Because that's what fascists do.

We're all Peronists now.

* - Lots of people are making the mistake of claiming that taxpayers will be supporting these companies. That is errant nonsense. The deficit is being funded to a large part by the Fed. They are printing money out of thin air to pay the bills. As they do so, they are inflating away the value of the dollar. Anyone holding dollars or dollar-denominated investments will be paying for this.

2 comments:

Jeff Burton said...

Lots of people are making the mistake of claiming that taxpayers will be supporting these companies

Thank you for repeating this. Holders of U.S. debt are paying for this, including holders of federal reserve notes (=dollars). The more people blather on about taxpayers, the longer this will be obscured.

Tim Eisele said...

"So now what happens to Ford?"

Well, with any luck, once the zombie corpses[1] of whatever GM and Chrysler get turned into finally rot and fall apart (see the history of British Leyland for a likely scenario of how I think it will all go down), Ford will pick up some choice pieces from the wreckage being dumped at fire-sale prices by a deeply embarassed government. That's assuming that Ford avoids government entanglements. Given the train-wreck that they are witnessing with their two biggest domestic compentitors, I would hope that they have the sense to keep quiet and maintain their distance.
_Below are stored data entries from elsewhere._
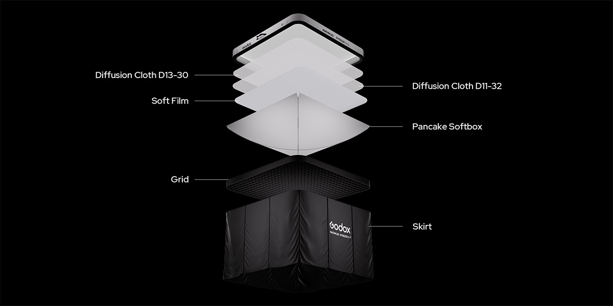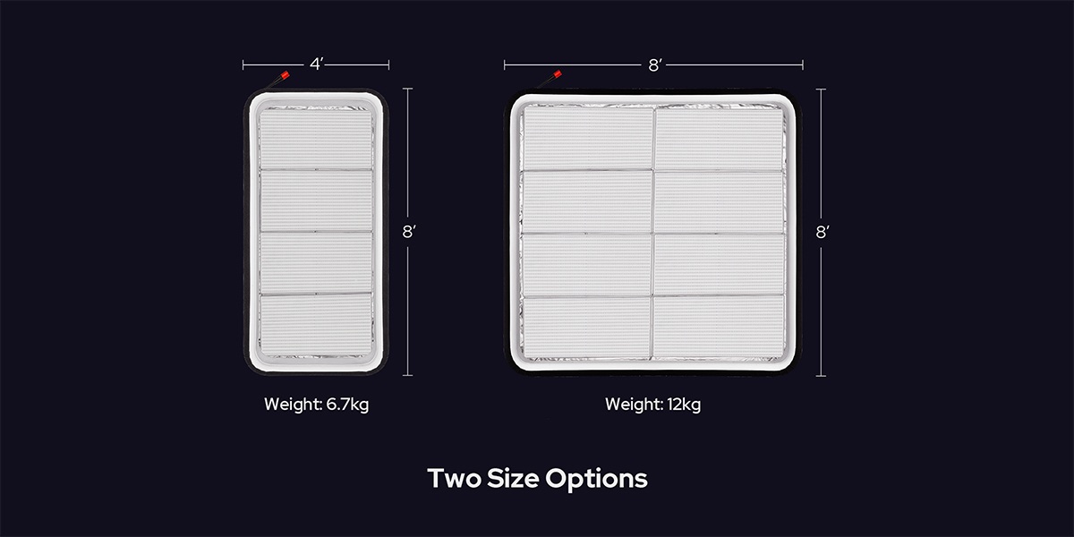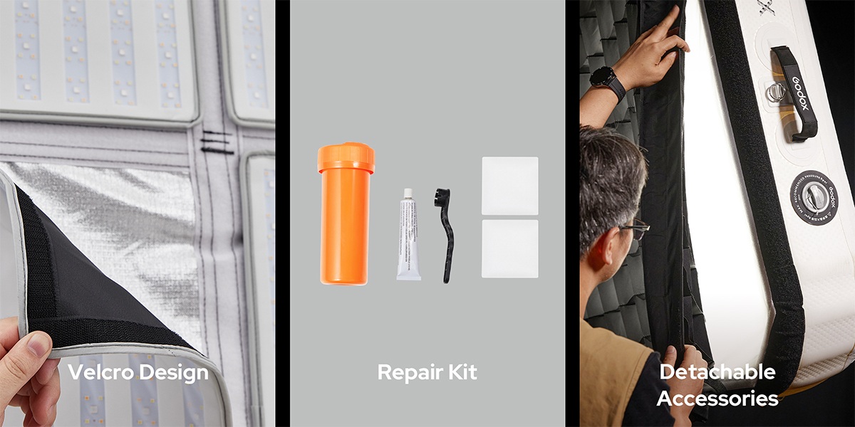Daha yüksek parlaklık için 4'×8', daha yumuşak bir ışık için 8'×8' formatı mevcuttur ve her ikisi de aynı kontrol ünitesini kullanır. Modüler tasarımı sayesinde paneller cırt bantlı (Velcro) yapı ile kolayca değiştirilebilir. Arka taraftaki D-halkaları, panelleri bağlamayı veya genişletmeyi kolaylaştırarak büyük ölçekli kurulumlarda esneklik sağlar.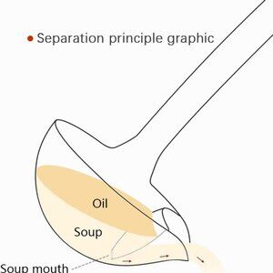 【Separation principle】:The oil and water are incompatible, and the physical property of the oil density is lower than the water density. The fat floats above the soup, and the outlet of the small hole is below the spoon. When pouring, the clear soup flows out from the lower hole first. So as to achieve the effect of oil-water separation.
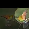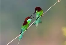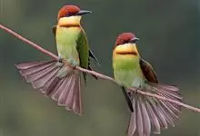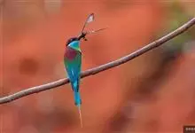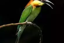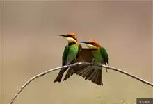 栗喉蜂虎是蜂虎科蜂虎属的鸟类。有热带鸟类羽毛艳丽的特征:喉部是栗红色的,黑色的过眼纹,翅膀和背部是绿色的,尾翼是蓝色的,飞行时翅膀下面的羽毛是橙黄色的,在阳光的照射下,它们全身闪烁着金属般的艳丽光泽,…全部>>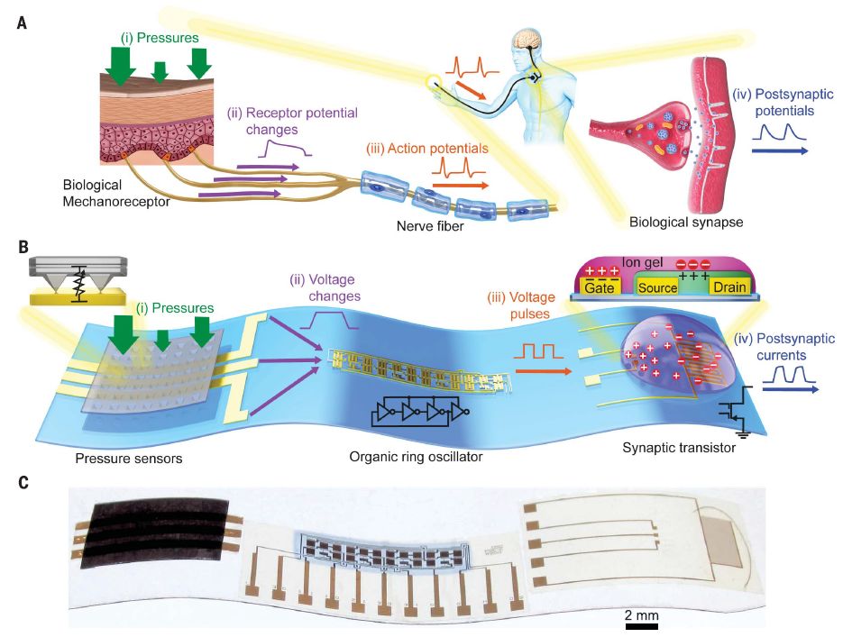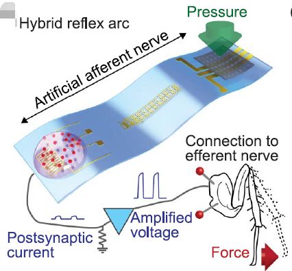 针对这个问题,科学家们发明了人造传入神经。这种人造传入神经有三个核心成分:压阻型压力传感器、有机环形震荡器和突触晶体管。压力传感器负责获取压力信息。环形振荡器代替神经纤维,将压力信号转化为与感觉神经元动作电位的频率相匹配的电压脉冲。突触晶体管将这些脉冲信号整合并转化为突触后电流,并与生物体内的传出神经对接,形成一个完整的单突触反射弧。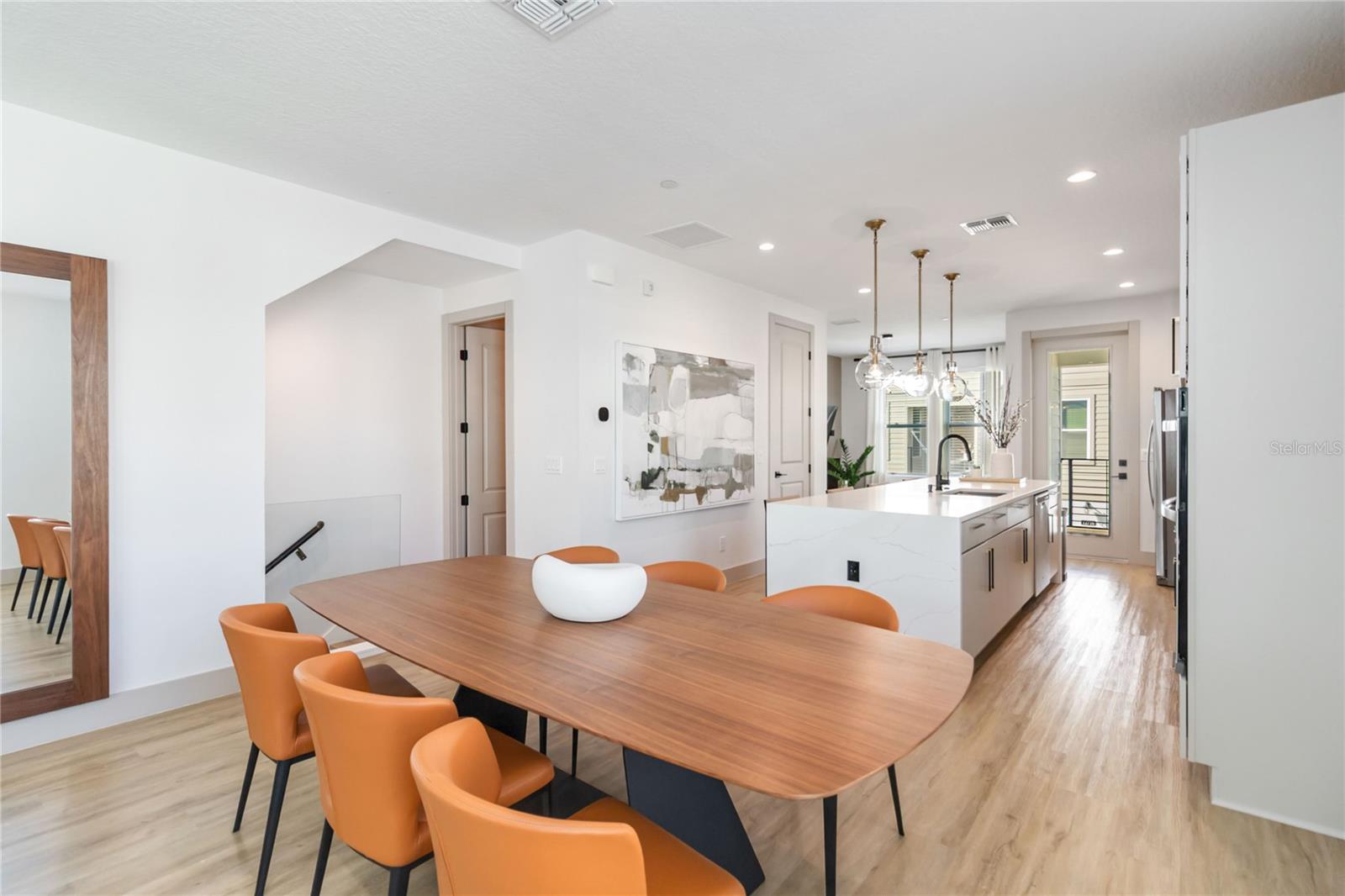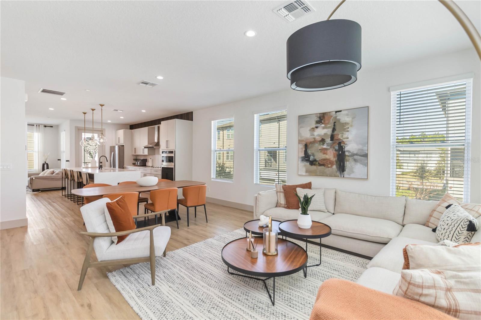 WOW! CUSTOM DESIGNED LUXURY Ashton Woods 3 story townhome with an A+ WALKING SCORE! This amazing home is centrally located just a short walk from the community epicenter “Laureate Park Village Center” and Zip Line Park. Here you’ll find the LP Fitness Center, resort-style pool, and Canvas Market & Restaurant. Not only is this home an END UNIT with tons of lighting and soaring ceilings but it is also fully customized throughout! You’ll find luxury vinyl, custom tile and wood flooring throughout, designed glass stairwell railings, an amazing updated gourmet kitchen and 3 and a half fully customized bathrooms! STARTING ON THE GROUND FLOOR -- Your front entrance connects to a completely private guest bedroom with hall drop zone space, garage access and a fully upgraded CUSTOM ensuite bathroom with marble tiled floor to ceiling walk-in shower and walk in closet. FROM THERE it’s just a few steps up to the 2nd floor OPEN CONCEPT LIVING SPACE which combines the family room, dining area, and a GOURMET KITCHEN featuring upgraded stainless appliances, impressive center island with quartz waterfall countertops and matching quartz backsplash, designer hardware and custom noise canceling wall treatments. The space is completed with a second living space adjacent to a charming, covered balcony perfect for enjoying stunning Lake Nona sunsets. WHEN YOU ARE READY TO RELAX you’ll be just a few more steps away from the primary bedroom suite and 2nd guest suite both complete with their own fully customized ensuite bathrooms and walk in closets plus a stylish laundry room. Additional features an attached two-car garage with epoxy flooring and ample guest parking near the home. HOA includes high-speed internet (up to 1 GIG), fitness center access, resort-style aquatic center, beach volleyball court, and half basketball court. Ideally located in the heart of Lake Nona’s Medical City and convenient to A-rated schools, Orlando International Airport, USTA, KPMG, top-tier shopping, dining, and entertainment. The owners have only used this home a few times a year. It is available furnished but furnishings will be sold separately.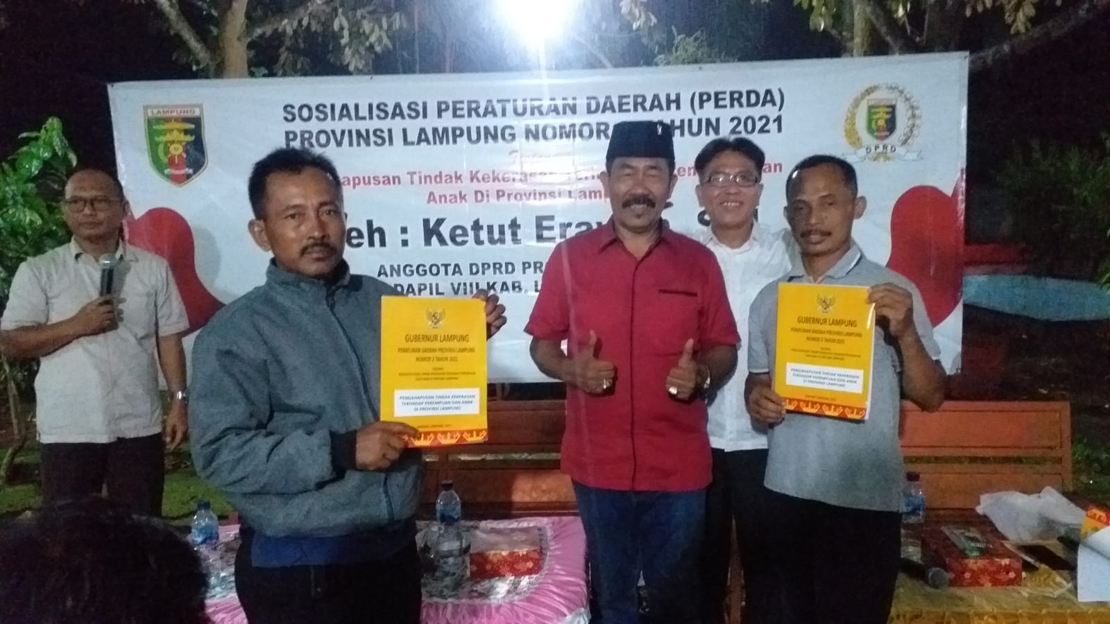 Dalam sambutan nya, Ketut yang juga anggota komisi I DPRD Provinsi Lampung ini melihat tindak kekerasan yang menimpa perempuan dan anak masih sangat tinggi. Terutama terhadap anak, maka perlu adanya pemahaman yang di berikan kepada masyarakat salah satunya melalui kegiatan sosialisasi peraturan daerah ini.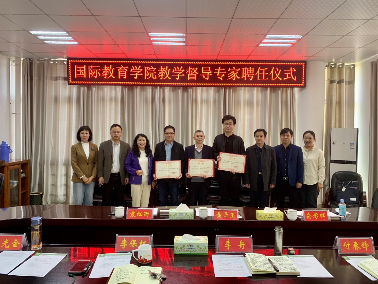 3月9日,beat365第二届教学督导专家聘任仪式在逸夫楼302会议室举行。院党委书记李舟、院长李保红和学院班子成员、教学秘书等参加。学院新一届督导专家黄学玉、袁红雨、俞彤晖出席了聘任仪式。
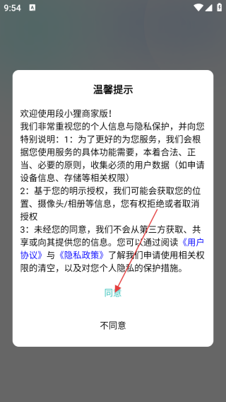 首次使用时,需先阅读用户协议和隐私政策,点击【同意】接受条款。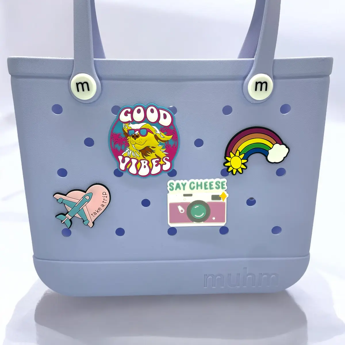 Engedd, hogy a Muhm szivárvány charm elhozza neked a jókedvet minden nap! Ez az apró, mégis lenyűgözően színes kiegészítő a napocskával és a felhővel garantáltan feldobja táskád megjelenését. Akár egyedi stílusod kifejezésére, akár egy kis derűs hangulat hozzáadására használod, ez a charm mindig tökéletes választás. Könnyen rögzíthető a Muhm táskák bármelyik típusára és ideális kiegészítő lehet színes személyiségeknek.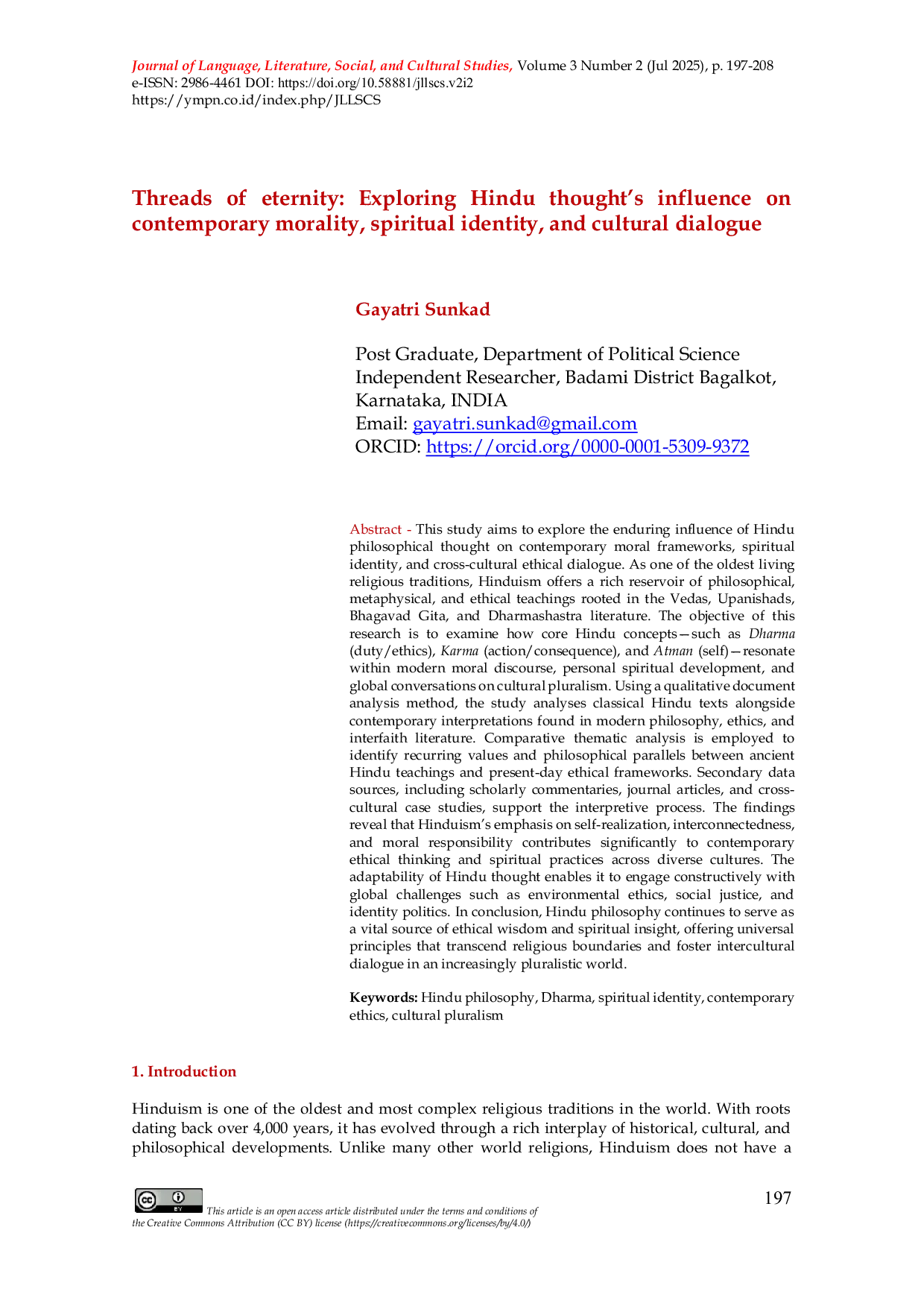 Journal of Language, Literature, Social and Cultural StudiesJournal of Language, Literature, Social and Cultural StudiesPenelitian ini bertujuan untuk mengeksplorasi pengaruh berkelanjutan dari pemikiran filsafat Hindu terhadap kerangka moral kontemporer, identitas spiritual, dan dialog etis lintas budaya. Sebagai salah satu tradisi agama tertua yang masih hidup, Hinduisme menawarkan reservoir kaya dari ajaran filosofis, metafisika, dan etika yang berakar pada Veda, Upanishad, Bhagavad Gita, dan karya-karya Dharmashastra. Penelitian ini mengeksaminasi bagaimana konsep-konsep inti Hindu seperti Dharma (kewajiban/etika), Karma (tindakan/dampak), dan Atman (diri) beresonansi dalam diskursus moral modern, pengembangan spiritual pribadi, dan percakapan global tentang pluralisme budaya. Menggunakan metode analisis dokumen kualitatif, studi ini menganalisis teks-teks Hindu klasik bersama dengan interpretasi kontemporer dalam filsafat modern, etika, dan literatur lintas agama. Analisis tematik komparatif digunakan untuk mengidentifikasi nilai-nilai berulang dan paralel filosofis antara ajaran Hindu kuno dan kerangka etika kontemporer. Sumber data sekunder seperti komentar akademis, artikel jurnal, dan studi kasus lintas budaya mendukung proses interpretasi. Temuan menunjukkan bahwa penekanan Hinduisme pada pencerahan diri, keterhubungan, dan tanggung jawab moral memberikan kontribusi signifikan terhadap pemikiran etis kontemporer dan praktik spiritual di berbagai budaya. Adaptabilitas pemikiran Hindu memungkinkannya untuk berinteraksi secara konstruktif dengan tantangan global seperti etika lingkungan, keadilan sosial, dan politik identitas. Kesimpulannya, filsafat Hindu terus menjadi sumber penting dari kebijaksanaan etis dan wawasan spiritual, menawarkan prinsip universal yang melampaui batas agama dan memupuk dialog lintas budaya dalam dunia yang semakin plural.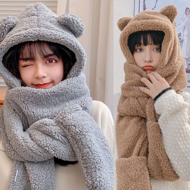 Generic - غطاء الراس من الفرو الكثيف وجيوب متدلي لتدفئة اليد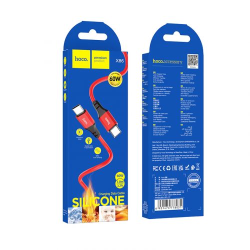 Красный Hoco X86 Type-C to Type-C PD Кабель 60W 1m

[1] Aside from misunderstanding where the money is coming from, I think a lot of people are misunderstanding the status of GM and Chrysler. They are already dead, and have been since about February (which was about when they would have gone bankrupt if left to their own devices). What happens to them no longer matters, aside from the fact that it is costing us all a fair bit of money. They are dead, and their corpses are being animated by the parasites and carrion beetles that will ultimately consume them. They just haven't stopped moving yet.